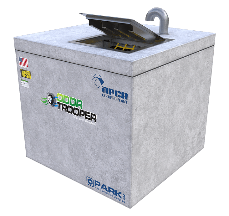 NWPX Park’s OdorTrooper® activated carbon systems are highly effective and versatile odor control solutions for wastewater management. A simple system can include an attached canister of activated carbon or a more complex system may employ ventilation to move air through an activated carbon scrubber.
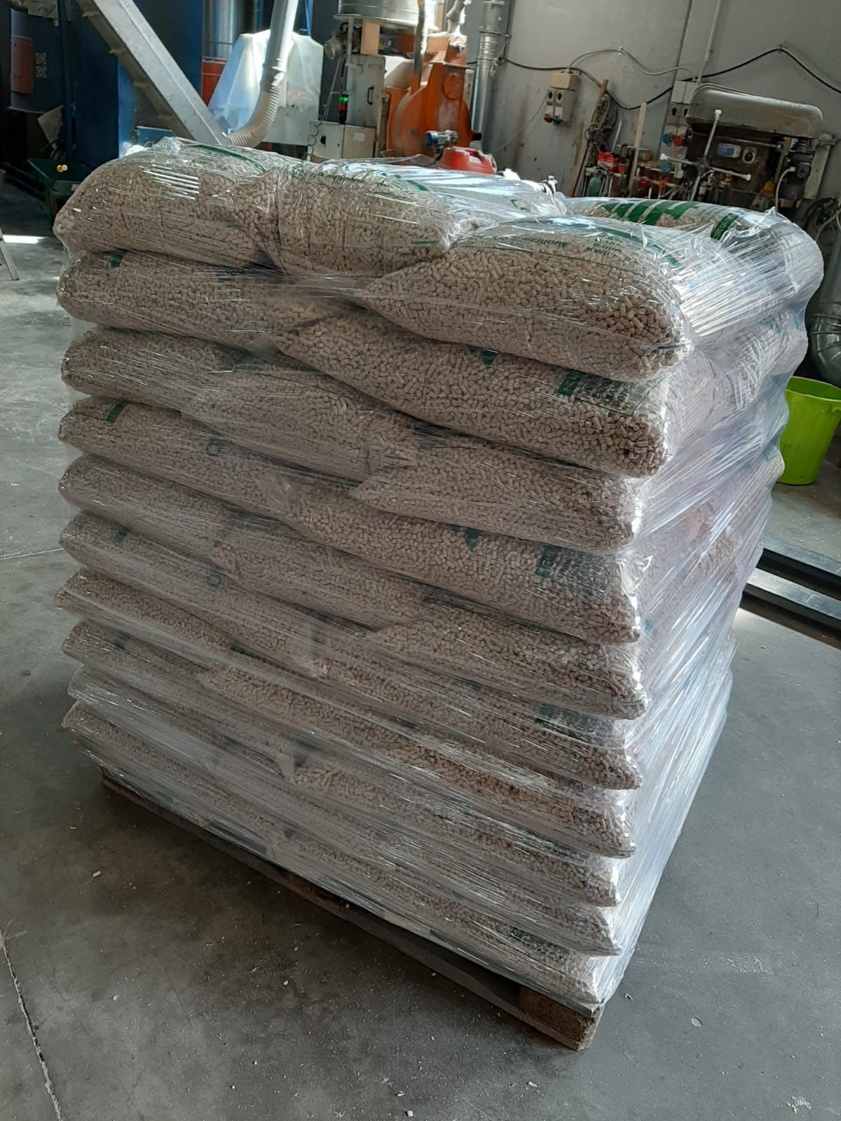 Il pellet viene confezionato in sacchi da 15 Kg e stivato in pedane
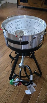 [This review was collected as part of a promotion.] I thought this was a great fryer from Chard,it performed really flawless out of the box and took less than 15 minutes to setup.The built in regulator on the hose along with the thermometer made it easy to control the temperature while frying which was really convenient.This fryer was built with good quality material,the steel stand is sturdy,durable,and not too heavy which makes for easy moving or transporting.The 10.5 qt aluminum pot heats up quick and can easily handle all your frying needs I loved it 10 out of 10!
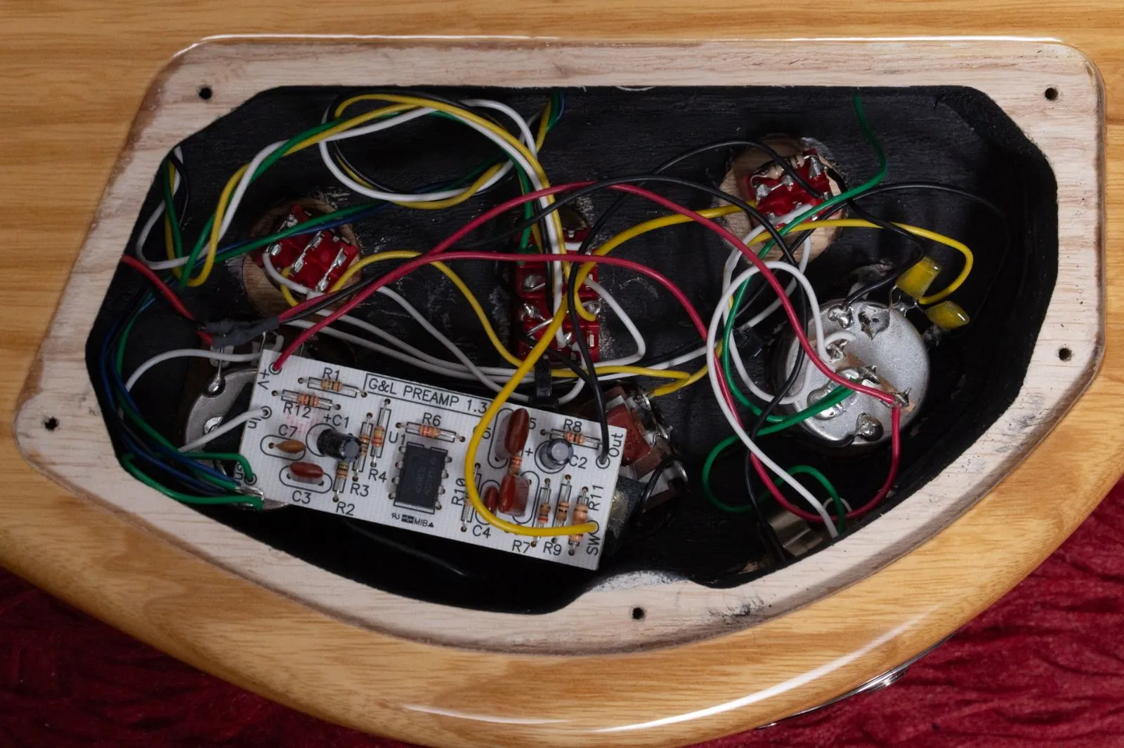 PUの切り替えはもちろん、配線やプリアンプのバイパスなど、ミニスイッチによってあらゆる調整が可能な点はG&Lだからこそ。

.....

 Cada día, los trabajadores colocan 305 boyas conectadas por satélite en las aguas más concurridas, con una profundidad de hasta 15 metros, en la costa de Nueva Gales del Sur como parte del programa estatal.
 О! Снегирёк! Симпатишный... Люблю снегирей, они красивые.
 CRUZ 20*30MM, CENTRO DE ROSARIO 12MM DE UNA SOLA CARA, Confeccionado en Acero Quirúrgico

.....

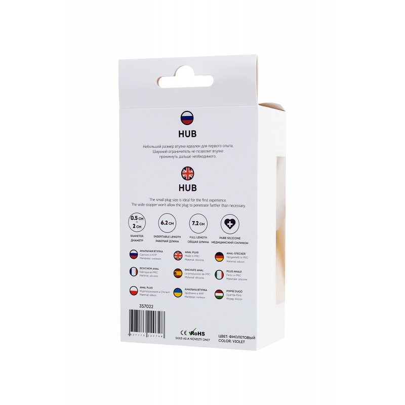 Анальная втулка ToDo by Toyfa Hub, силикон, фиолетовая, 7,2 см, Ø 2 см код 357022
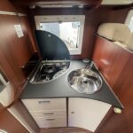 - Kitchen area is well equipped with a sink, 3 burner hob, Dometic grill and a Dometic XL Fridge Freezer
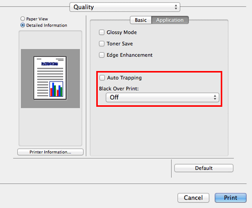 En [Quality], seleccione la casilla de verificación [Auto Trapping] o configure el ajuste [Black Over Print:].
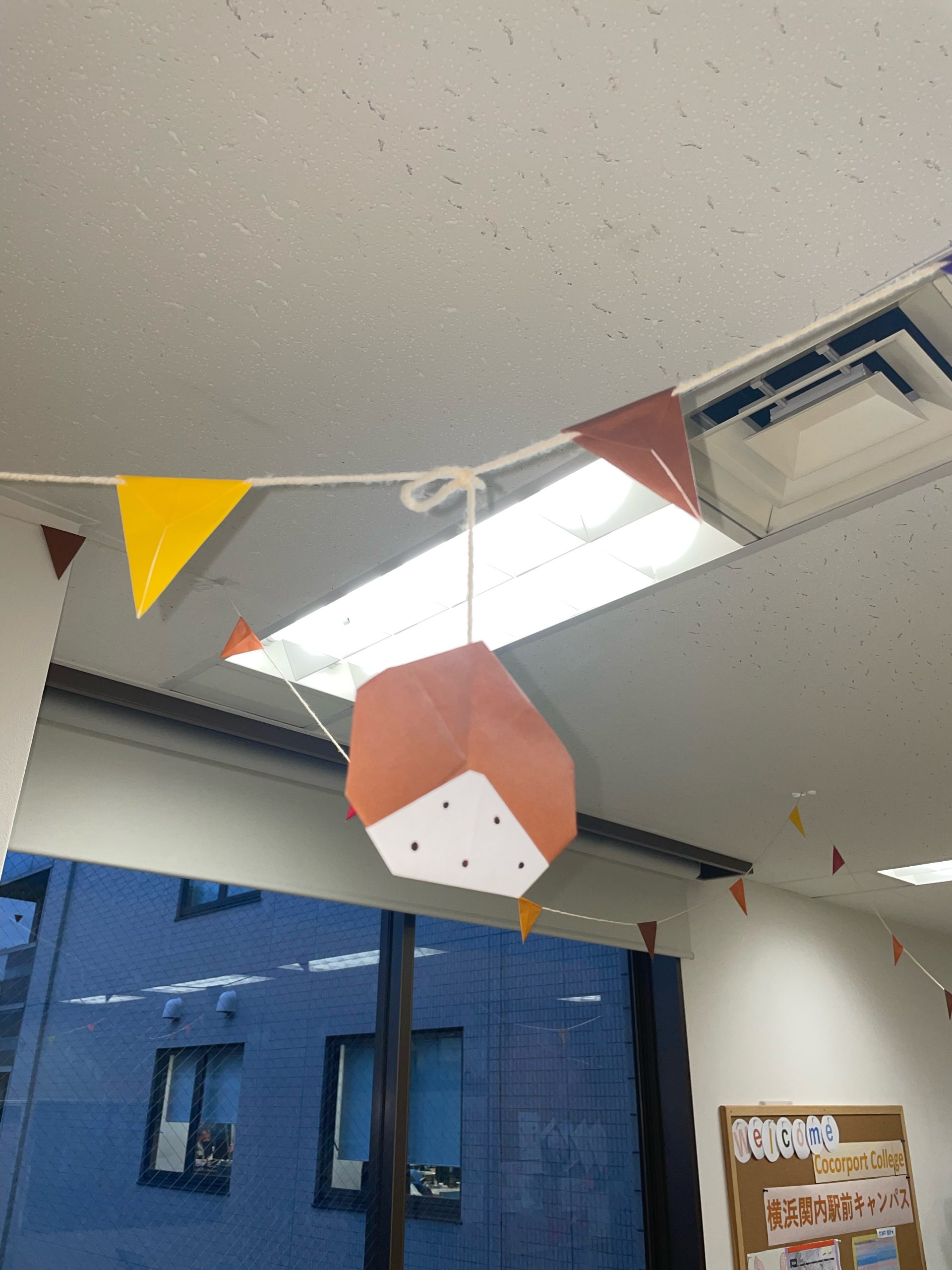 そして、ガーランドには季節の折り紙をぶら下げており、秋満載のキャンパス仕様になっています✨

.....

## PROBLEM DESCRIPTION
The answer is the lines of the material above, from the one containing "NWPX Park’s OdorTrooper®" down to the one containing "Il pellet viene", given exactly and without images.

## YOUR SOLUTION
 NWPX Park’s OdorTrooper® activated carbon systems are highly effective and versatile odor control solutions for wastewater management. A simple system can include an attached canister of activated carbon or a more complex system may employ ventilation to move air through an activated carbon scrubber.
 Il pellet viene confezionato in sacchi da 15 Kg e stivato in pedane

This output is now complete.